Hacker News new | ask | show | jobs
by fotcorn 940 days ago
A charitable interpretation might be that search requires a fair amount of compute, and is therefore a big denial of service vector.

I am not sure how much behavioral data GitHub can gather from logged in user, and how useful that is compared to the code that is there anyway. Maybe to figure out which parts of code are important? But that isn't really user-specific.

3 comments

Yes, it's a real problem for anyone offering any sort of search capabilities. Like, about 0.5% of the traffic to my search engine is human. I'm not aware of any search engine that doesn't have similar stats.
Off topic: how do you determine what percentage of search is coming from humans?
Well about 99% of the search requests I got back when I was using cloudflare couldn't get past their bot-mitigation, and of what made it through, at least half looked very automated.
I'm a human and I can't get past cloudflare "bot mitigation" with my browser. Bot mitigation actually just means your browser executing the latest bleeding edge javascript functions to make sure your behavior is monetizable.
No that's not actually true at all. The website always worked with text-only browsers, cloudflare or not. Thoroughly tested with the likes of w3m and dillo.

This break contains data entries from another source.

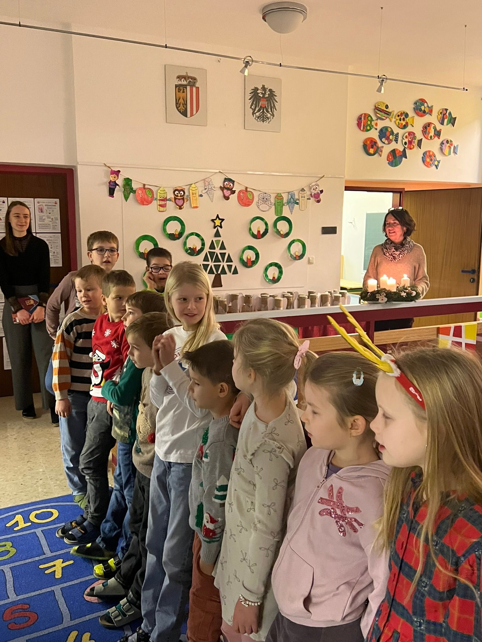 Am Morgen wurden Adventlieder gesungen, aus einem Weihnachtsbuch wurde vorgelesen und die Adventkalenderengel wurden geöffnet.
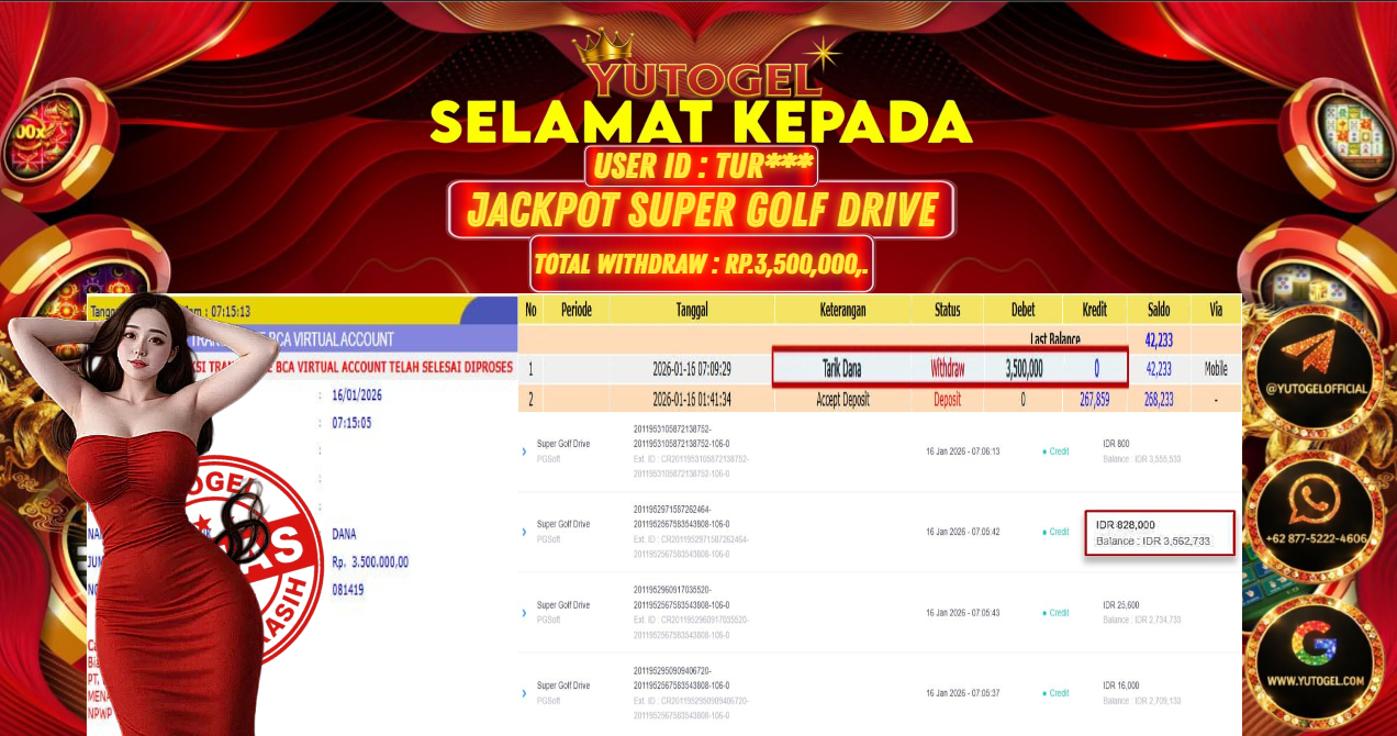 Selamat kepada USER ID : TUR*** Telah berhasil mendapatkan kemenangan besar pada YUTOGEL JACKPOT SLOT PGSOFT SUPER GOLF DRIVE RP. 3.500.000,. – LUNAS. Setelah mengisi formulir withdraw dengan kurung waktu hanya 5 – 10 menit pihak sudah melakukan transfer kepada pemilik User id dan dana sudah dapat dicairkan oleh pemenang. Bukti pembayaran yang kami berikan merupakan bukti pembayaran yang SAH/VALID yang langsung di dapatkan melalui tanda transfer transaksi dari Bank yang dituju.
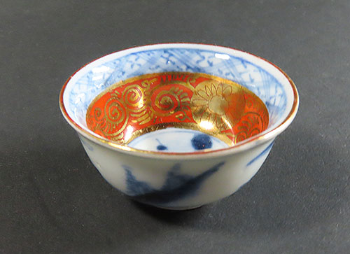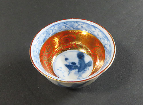 この 赤絵 の猪口の九谷焼は明治時代から昭和初期の作品です。
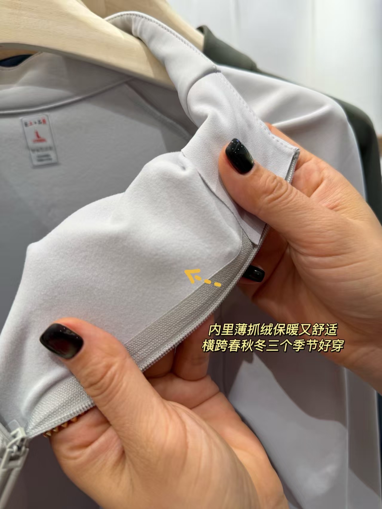 混纺抓绒面料保暖锁温,抓绒浓密却不厚重,保暖又不臃肿。
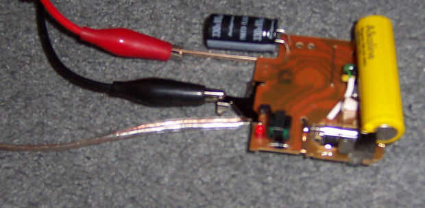 Para activar el flash, conectas los dos accesorios metal forma irregular en el lado de la tabla donde se muestran los cocodrilos. Una vez que han destripado la electrónica de la cámara es divertido probar poniendo una batería y poner en cortocircuito las dos piezas metálicas con un destornillador o un poco de alambre, ser muy cuidadoso de los altos voltajes involucrados.

Virtually all of the traffic that was intercepted claimed to be modern Chrome or Safari or similar, which should be capable of "executing the latest bleeding edge javascript functions".

The primary reason why anyone gets shit from bot mitigation is IP reputation, this is far more important (and effective) than looking at browser characteristics.

Github could require captcha for non-logged in users, I suppose.
I'm a human, yet I am unable to get past Steam's captcha. It is not the only site that I cannot prove to not be a robot. I'm guessing the number of collateral damage is worth it to them. I'm not a big gamer, and wouldn't be a big source of revenue for them anyway.
Steam has a captcha ?
No Dylan604 is a suspected Cylon /s.

Many companies will black-hole you and force infinite captias despite solving them correctly to waste resources.

This (behavioural data) is precisely Microsoft's playbook - no charitable interpretations ought apply. As far as I am concerned, no Open Source project has any justification for still being on the platform as of the day of the MS buyout. It's not as though there aren't good alternatives just a git clone away.
> This (behavioural data) is precisely Microsoft's playbook

What behavioral data can you glean from a code search like Github's? The context is very different than, for example, Google's, so is there really much useful data you can get here?

From a code search in the wild, with no context? Not a lot. From a code search from a person who's logged in, identified? Well, probably still not a lot, but it's another factoid about that person to hang onto the knowledge graph.
Another factor: anonymous faceted regex search across a huge volume of code allows bad actors to find hardcoded credentials and gain access to additional systems, without a good audit trail.

But yes, there are multiple good explanations for why they would lock down the API.